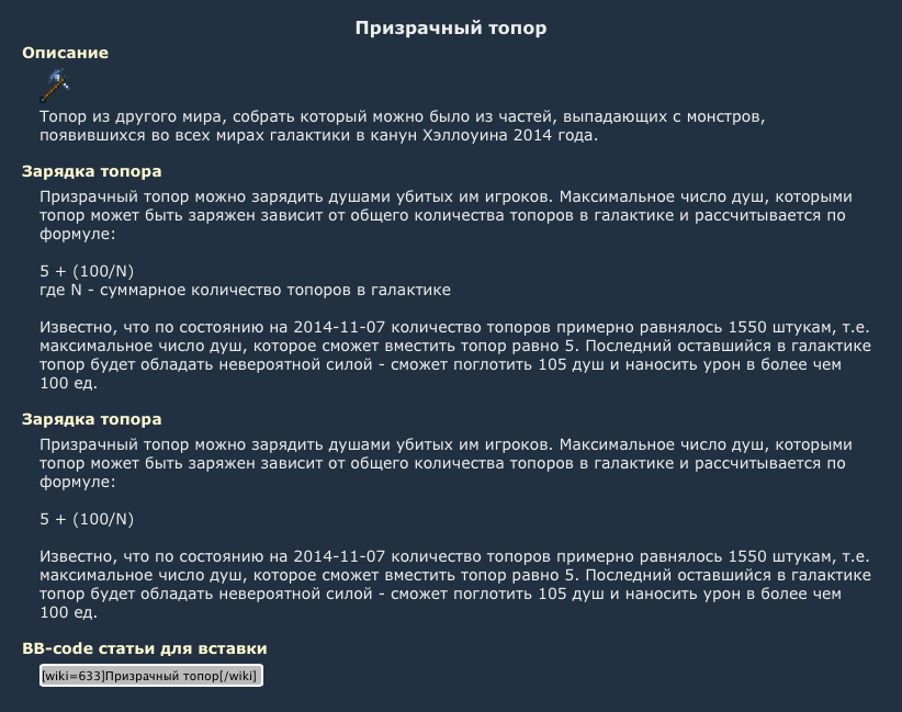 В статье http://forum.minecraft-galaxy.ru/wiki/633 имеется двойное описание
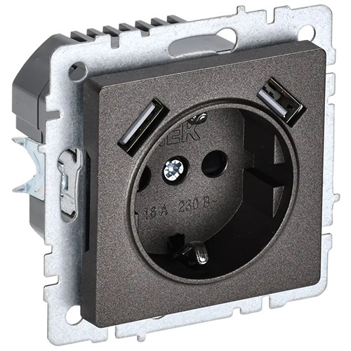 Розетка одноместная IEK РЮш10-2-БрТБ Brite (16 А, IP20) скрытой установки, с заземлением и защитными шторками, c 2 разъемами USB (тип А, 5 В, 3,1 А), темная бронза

========

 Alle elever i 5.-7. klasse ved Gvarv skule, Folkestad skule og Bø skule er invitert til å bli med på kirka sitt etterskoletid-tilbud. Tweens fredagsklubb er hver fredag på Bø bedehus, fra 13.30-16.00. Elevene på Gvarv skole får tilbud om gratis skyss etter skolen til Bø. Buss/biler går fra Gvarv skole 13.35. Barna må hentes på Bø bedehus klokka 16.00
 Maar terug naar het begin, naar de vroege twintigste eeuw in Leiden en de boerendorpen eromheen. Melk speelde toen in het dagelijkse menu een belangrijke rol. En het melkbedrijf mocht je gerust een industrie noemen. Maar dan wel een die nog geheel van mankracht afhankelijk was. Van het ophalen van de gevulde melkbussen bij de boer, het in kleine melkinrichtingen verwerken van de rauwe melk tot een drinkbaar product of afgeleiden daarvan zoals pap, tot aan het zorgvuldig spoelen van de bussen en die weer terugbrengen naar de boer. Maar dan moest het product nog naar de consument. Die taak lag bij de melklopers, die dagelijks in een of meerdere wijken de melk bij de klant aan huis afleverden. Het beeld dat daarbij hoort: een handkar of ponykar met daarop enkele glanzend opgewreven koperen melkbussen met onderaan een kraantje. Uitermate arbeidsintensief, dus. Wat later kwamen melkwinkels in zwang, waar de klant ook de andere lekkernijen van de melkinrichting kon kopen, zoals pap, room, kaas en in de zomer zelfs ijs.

========

→ **What needs to be done**
Write out exactly the run of lines above that starts at the line containing "В статье http://forum.minecraft-galaxy.ru/wiki/633" and ends at the line containing "Розетка одноместная IEK". Include both, and leave the pictures out.

→ **Reply**
 В статье http://forum.minecraft-galaxy.ru/wiki/633 имеется двойное описание
 Розетка одноместная IEK РЮш10-2-БрТБ Brite (16 А, IP20) скрытой установки, с заземлением и защитными шторками, c 2 разъемами USB (тип А, 5 В, 3,1 А), темная бронза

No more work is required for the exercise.